US Treasuries show the highest persistence (0.9823), meaning volatility shocks in the bond market take longer to decay—approximately 38 days to half-life. This makes intuitive sense: Federal Reserve policy changes, which are the primary drivers of Treasury volatility, tend to have lasting effects that persist through subsequent meetings and economic data releases.
Gold exhibits the second-highest persistence (0.9741), consistent with its role as a long-term store of value. Macroeconomic uncertainties—geopolitical tensions, currency debasement fears, inflation scares—don’t resolve quickly, and neither does the associated volatility.
S&P 500 and Bitcoin show similar persistence (~0.97), with half-lives of approximately 23-24 days. This suggests that equity market volatility shocks, despite their reputation for sudden spikes, actually decay at a moderate pace.

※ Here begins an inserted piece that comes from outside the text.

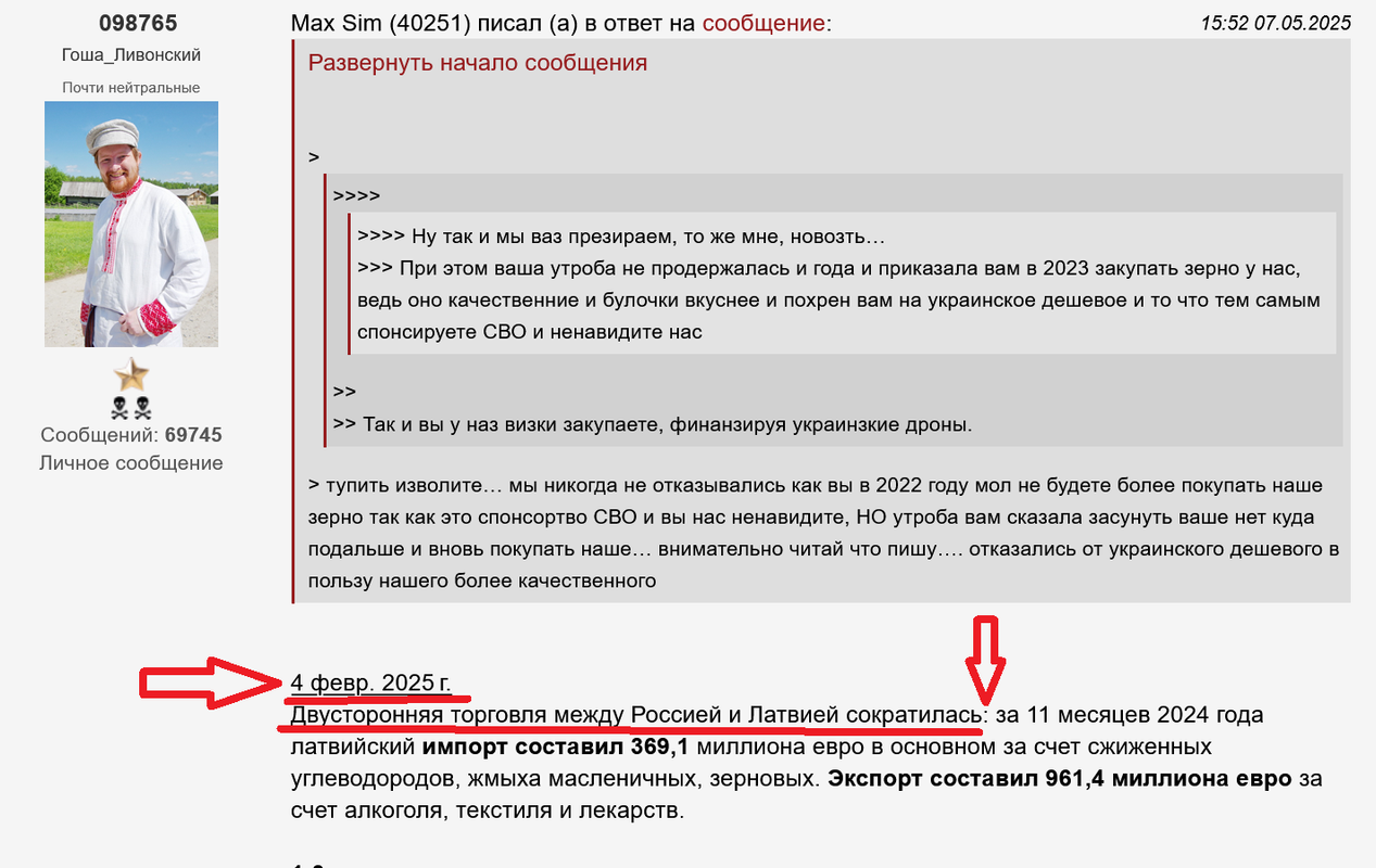 098765 (Гоша_Ливонский) выше дал данные за 2025 году все также покупаете наше зерно и похрен вам кровавое оно или нет .для вас вкусные булочки превыше всего ваш желудок правит вами

Oil has the lowest persistence (0.9576), which makes sense given the more mean-reverting nature of commodity prices. Oil markets can experience rapid shifts in sentiment based on supply disruptions or demand changes, but these shocks tend to resolve more quickly than in financial assets.
Leverage Effects
The EGARCH γ parameter reveals asymmetric volatility responses—the leverage effect that Nelson (1991) formalized:
S&P 500 (γ = -0.1654): The strongest negative leverage effect in the sample. A 1% drop in equities increases volatility significantly more than a 1% rise. This is the classic equity pattern: bad news is “stickier” than good news. For options traders, this means that protective puts are more expensive than equivalent out-of-the-money calls during volatile periods—a direct consequence of this asymmetry.
Bitcoin (γ = -0.0383): Moderate negative leverage, weaker than equities but still significant. The cryptocurrency market shows asymmetric reactions to price movements, with downside moves generating more volatility than upside moves. This is somewhat surprising given Bitcoin’s retail-dominated nature, but consistent with the hypothesis that large institutional players are increasingly active in crypto markets.
Oil (γ = -0.0668): Moderate negative leverage, similar to Bitcoin. The energy market’s reaction to geopolitical events (which tend to be negative supply shocks) contributes to this asymmetry.
Gold (γ = +0.0452): Here’s where it gets interesting. Gold exhibits a slight positive gamma—the opposite of the equity pattern. Positive returns slightly increase volatility more than negative returns. This is consistent with gold’s safe-haven role: when risk assets sell off and investors flee to gold, the resulting price spike in gold can be accompanied by increased trading activity and volatility. Conversely, gradual gold price increases during calm markets occur with declining volatility.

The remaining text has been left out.